Baked Tart with Goat Curd
Fergus Henderson’s St. John is the restaurant that launched a thousand pig logos—and many imitators. Since it opened in 1994 in a whitewashed former smokehouse next to London’s wholesale meat market, St. John and Fergus Henderson have become much-copied gastronomic icons. It is easy to see why Henderson is held in such high regard by fellow chefs. With the restaurant’s commitment to nose-to-tail eating and food that is unadorned, almost to the point of stark minimalism, the menu at St. John does not compromise. It is true to itself.

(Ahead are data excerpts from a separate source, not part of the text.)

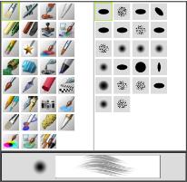 [筆刷] 材料庫面板可讓您選擇筆刷類別 (左) 和筆刷變體 (右)。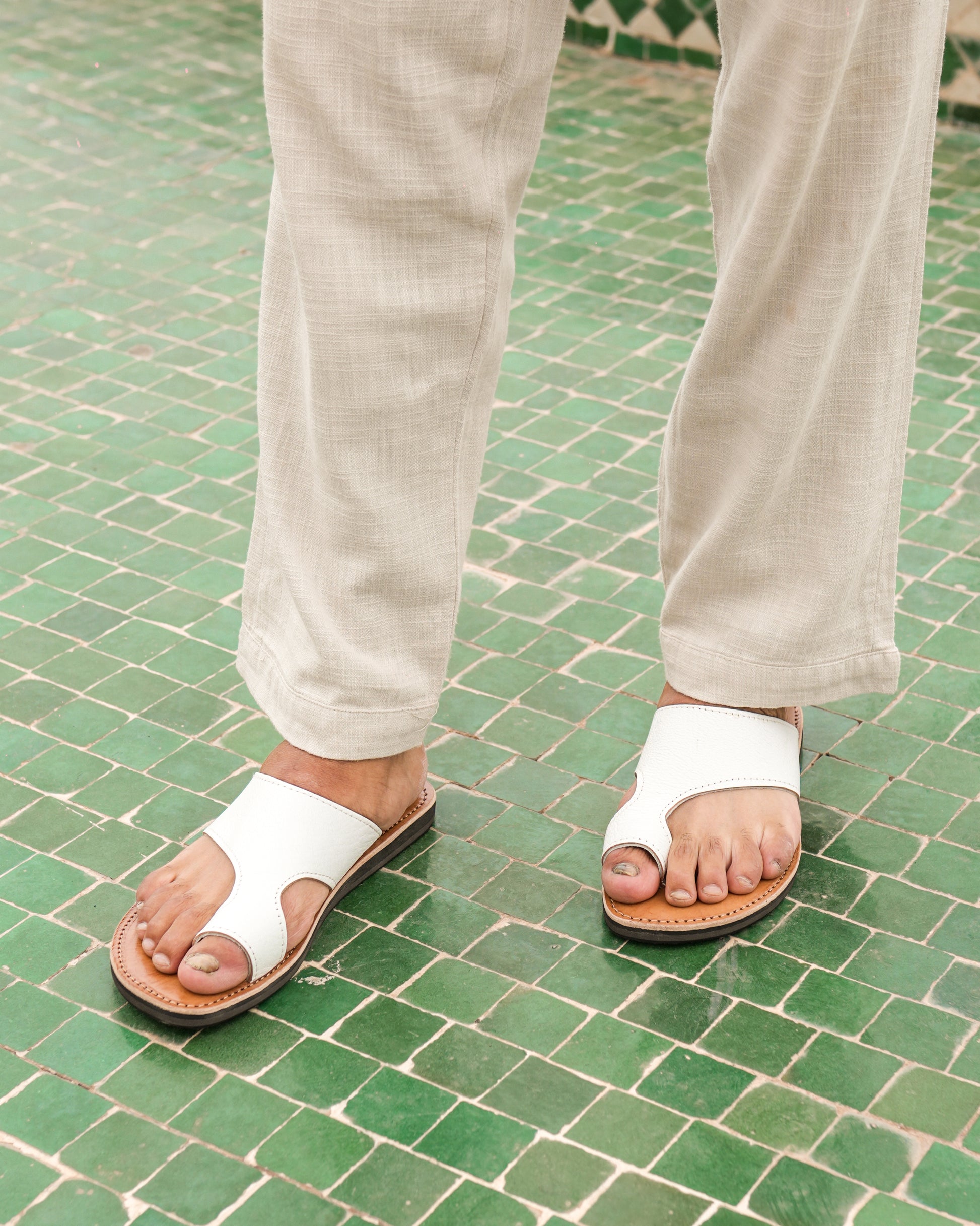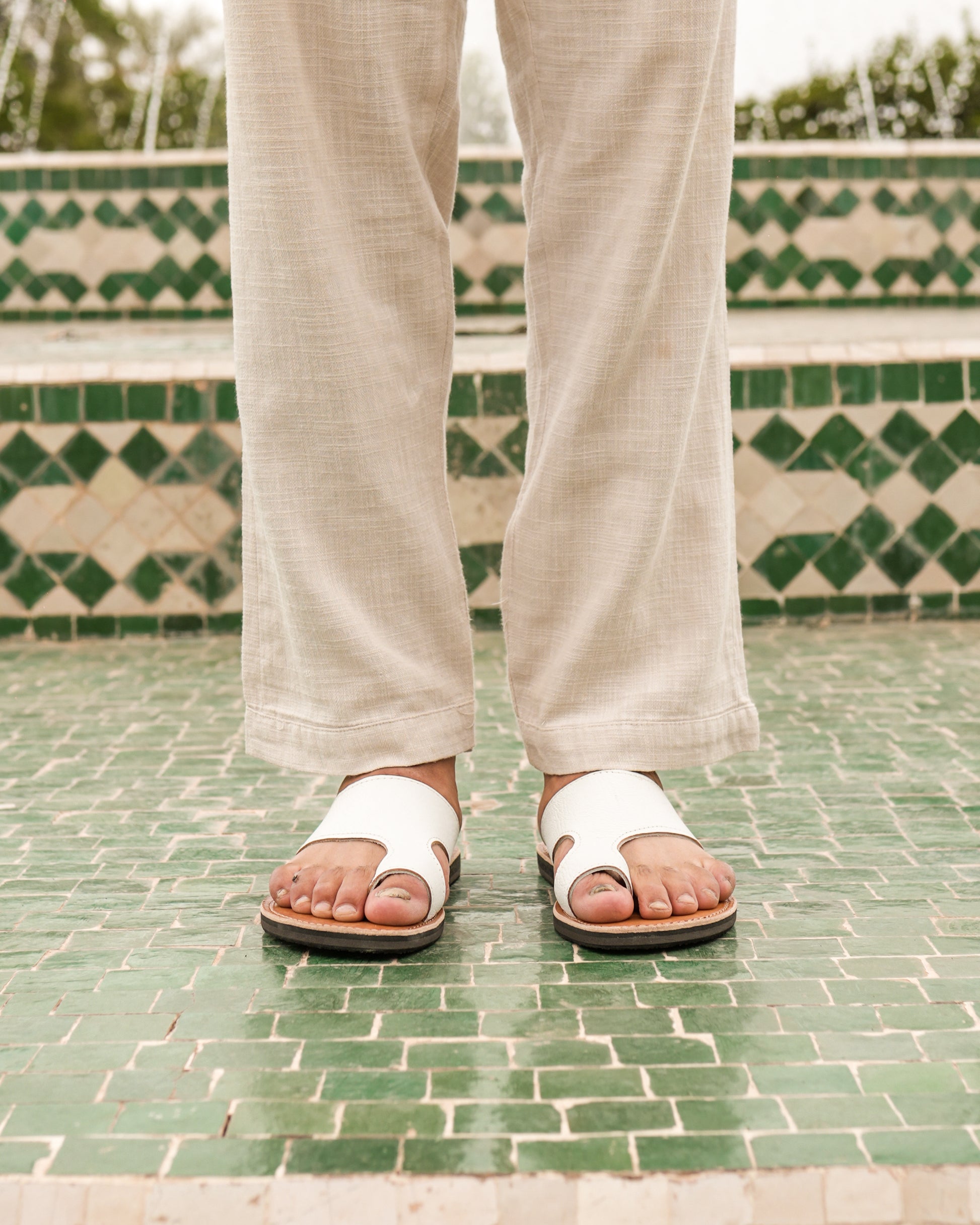 Clean, crisp, and handcrafted. These white leather sandals are made in Marrakech using premium full-grain leather and a flexible rubber sole. The wide strap and toe loop offer a secure, comfortable fit with a standout minimal design.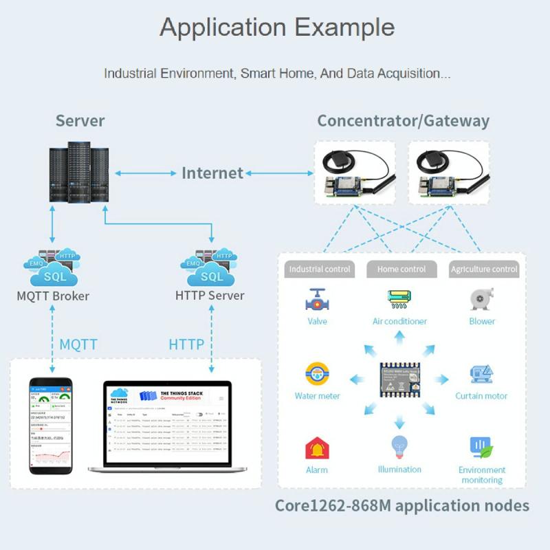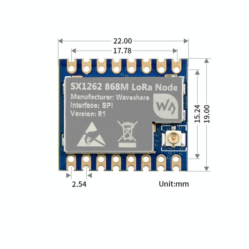 Το Core1262-868M είναι μια βασική μονάδα LoRa που ενσωματώνει το τσιπ νέας γενιάς SX1262. Διαθέτει χαρακτηριστικά όπως μικρό μέγεθος, μετάδοση μεγάλης εμβέλειας, υψηλή ικανότητα αντιμετώπισης παρεμβολών και πολλά άλλα. Η μονάδα χρησιμοποιεί τη ζώνη EU868, σε συνδυασμό με μια πύλη LoRa, μπορεί να συνδεθεί σε διακομιστές όπως ο διακομιστής TTN για να δημιουργήσει ένα δίκτυο LoRa.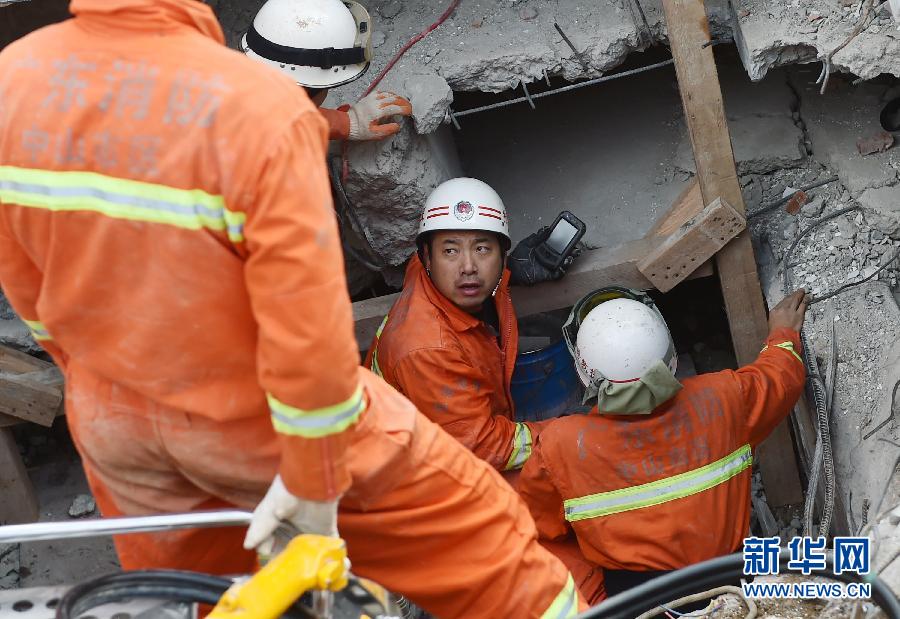 12月22日,救援人员在进行生命迹象探测。新华社记者 陈子夏摄

In the kitchen, Henderson is self-taught and has never worked under any other chef. He is acutely concerned with the ritual and symbolism of eating. This orientation, combined with his professional training as an architect, is reflected in a sense that Food Is Art at St. John. The capitalization is important, and it is reflected in the manner in which Fergus himself speaks, with pithy aphorisms delivered from behind his owlish glasses.
Goat curd is soft, fresh goat’s milk cheese generally sold in a tub. It’s easy to find in the UK and Australia but, as yet, rare in the States except at some farmers’ markets. If goat curd is unavailable, young, soft, very fresh logs of rindless chèvre will suffice as a substitute. The beverage recommended to drizzle over the tart, Marc de Gewürztraminer d’Alsace, is an Alsatian brandy. Henderson notes, “I like the way the recipe says one bottle of Marc, taking into account the chef’s needs.”
Heat the oven to 350°F. Butter a 10-inch springform cake pan and line with parchment. Place it on a baking tray.
Place the goat curd in a large mixing bowl. Add the lemon juice and zest, and whisk together with a balloon whisk until light and fluffy. The curd (or chèvre) has a tendency to get stuck in the whisk, but don’t be tempted to use an electric mixer as it will overwork the curd.
Whisk together the eggs and sugar briefly. Add them little by little to the goat curd mixture, whisking constantly. Pour the mixture into the prepared cake pan.
Bake for about 1 hour, until golden brown. It will still have some wobble when it comes out of the oven but will set as it cools down. To serve, cut the cheesecake into slices and pour 1 to 2 tablespoons of Marc over each serving.